Puteri Harbour Community

Sibe Envy u bo leverage on ur PH mancave.
Mine's on 50% for 15yrs. Need slog abit.

:D

Don't be envious, I've probably not allocated my capital efficiently! Was just taught credit is a last resort.

Anyway, it was a company equity sell off a while back, so not the result of long savings. Will have to slog myself to build up a war chest again. Sigh.
 
You're SURE it (PH) will go well in 5 years.... and "sg market could tank spectacularly, along with HK and Aus.... Global house price bubble popping is not an outside bet but a real possibility."

Your statements and guesses are all running wild! We can imagine a lot. Anyone can make predictions with no one being a God to confirm their certainty.

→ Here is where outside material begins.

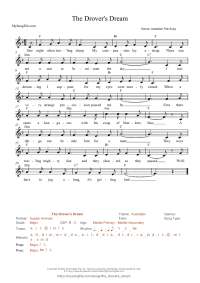 The Drover's Dream Written in 6/8, this song with it's lilting melody is a fanciful song about Australian animals.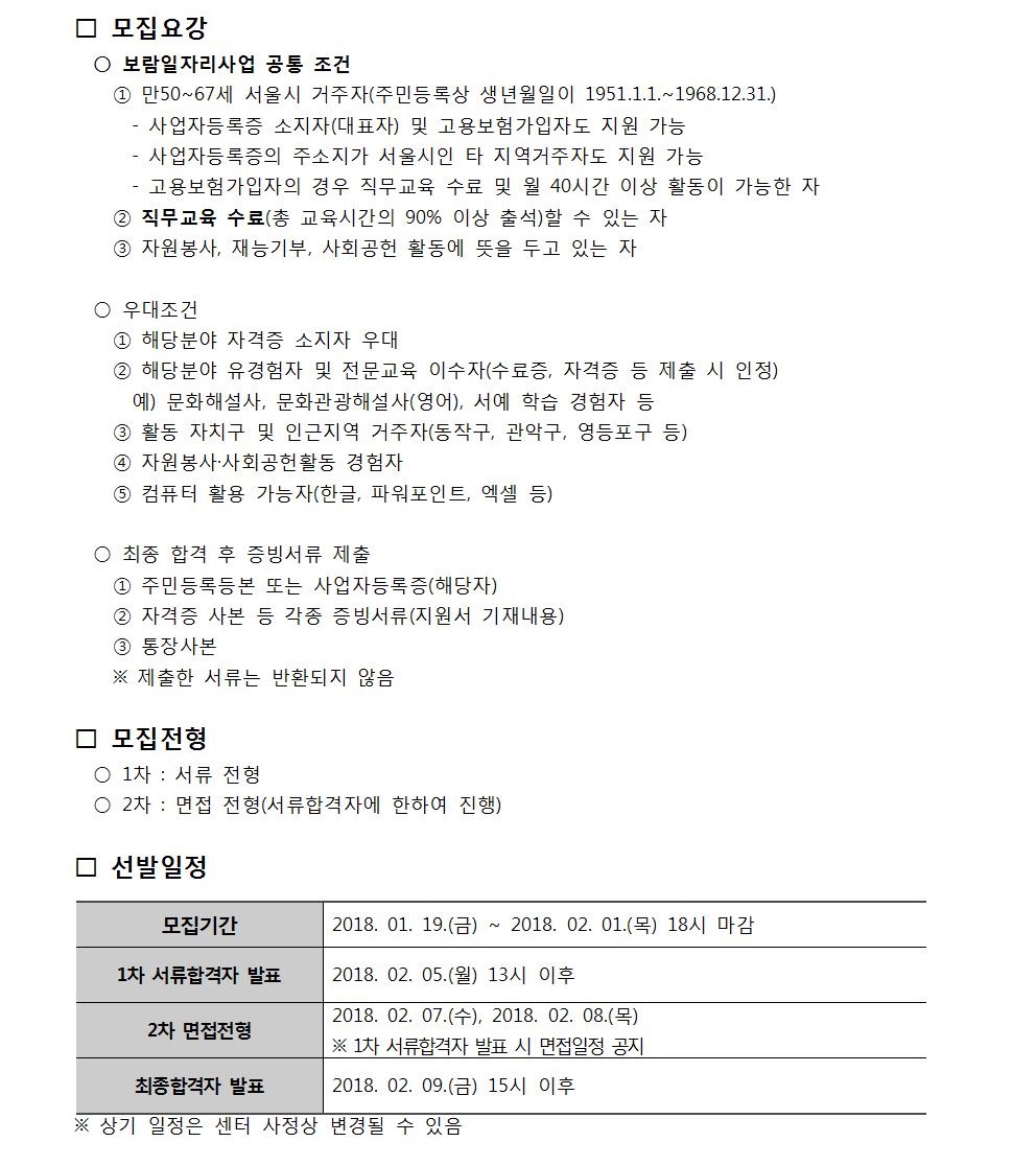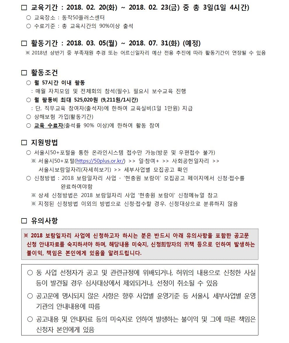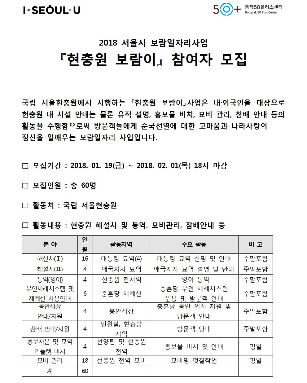 2018년 보람일자리사업 '현충원 보람이' 참여자 모집 공고

Based on facts and data alone, I'd say it's more likely for properties in Iskandar region within the next 5 years, be it Medini, PH or elsewhere, we should see price stagnation (or even reduction) for some time due to the huge oversupply coming up. How they will move after that is anybody's guess. But I think this is more likely to happen.

Despite the fall in RM and developers dangling carrots for their properties in Iskandar, the sales have been extremely slow. Investors and general buyers are wary. But for SG, the govt is holding tightly to the cooling measures with no end in sight. They know the moment they release some of their grip, there will be tons of people rushing in to buy. As it is, even with those measures, recent sales have been robust. This speaks a lot about the different sentiments at both sides, SG and Iskandar.

By that time there would be newer and nicer developments and maintenance would have deteriorated. Investment properties must show IMMEDIATE returns, remember the good old days in Singapore where money was made by flipping while still in option period. That is called investment property and yet these guys talking about years or even decades to make money in Iskandar. Really shake head.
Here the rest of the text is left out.